The Problem of Sealing Smut

Ask an Expert From: Products Finishing, from Anodizing Technologies

Posted on: 2/1/2010

Is there an anodizing cleanliness standard that is reasonable for our suppliers to meet? Is there an ISO, ASTM, IPC, Nadac or any other standard?

Q. Is there an anodizing cleanliness standard that is reasonable for our suppliers to meet? Is there an ISO, ASTM, IPC, Nadac or any other standard? We are receiving aluminum anodized parts with too much powder or dust. We use the parts to enclose electronics. We then pot the unit but are concerned the excess contamination will prevent bonding. A.O.

 

A. Perhaps the best solution to your problem with sealing residue, or “smut,” on parts after being anodized and sealed is to specify to your anodizer that the parts must be clean and free of smut. You have the power to do this and you have every right to expect clean parts from the anodizer if this is what you require.


The U.S. standard document addressing this type of situation is MIL-A-8625. There are two or three areas in this spec that make reference to this. The first is paragraph 4.4.2, which states, in part: “The acceptance criteria shall be as specified in the contract or purchase order.” In paragraph 6.2, the topic is “Acquisition requirements,” which says that acquisition documents should specify the following, among other things, “Acceptance criteria for quality conformance inspections.” Paragraph 6.3, entitled “Painting/coating,” which includes adhesives, states in part: “Sealing processes can have a significant effect on adhesion of primers and other polymeric materials to the anodized surfaces as well as the cohesive strength of the anodized layer. If these factors are important to the application...specific details for the sealing process should be specified in the contract or purchase order.” Most anodized parts can be sealed without sealing residue or “smut” if the anodizer controls his process. Some high-silicon alloy parts will exhibit a “dusty” appearance after anodizing and sealing, but this is due primarily to the alloy properties and not to sealing smut per se.
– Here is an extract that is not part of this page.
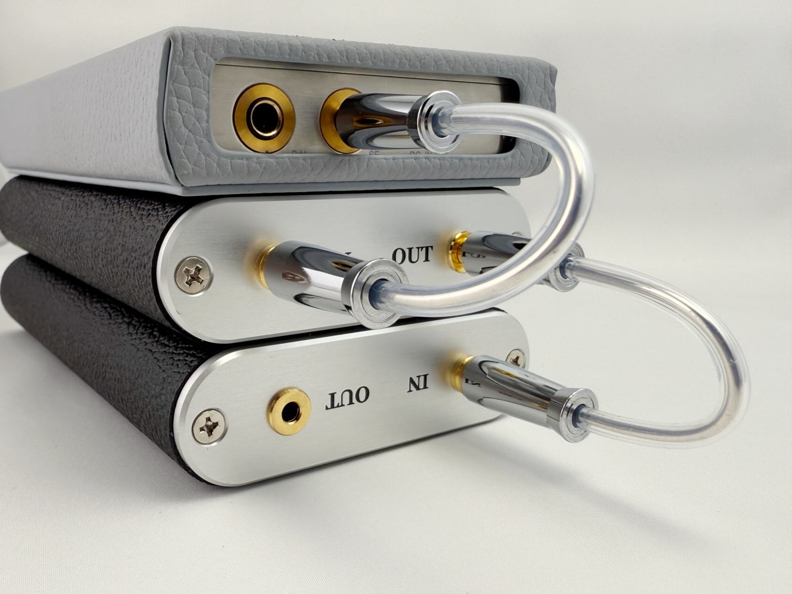 付属アース線(3.5mm to バナナプラグ)を使えばスタッキングも容易。

One additional thought I have is that many sealing baths contain a significant amount of surfactants. These are used primarily to eliminate sealing smut. However, the presence of sealing smut on the parts does not mean that the sealing bath contains NO surfactants. Sometimes the presence of surfactants themselves can adversely affect the adhesion qualities of the anodic surface. If this is the case, your parts may best be sealed using only clean, high--quality deionized water. Your anodizer should know how to do this effectively.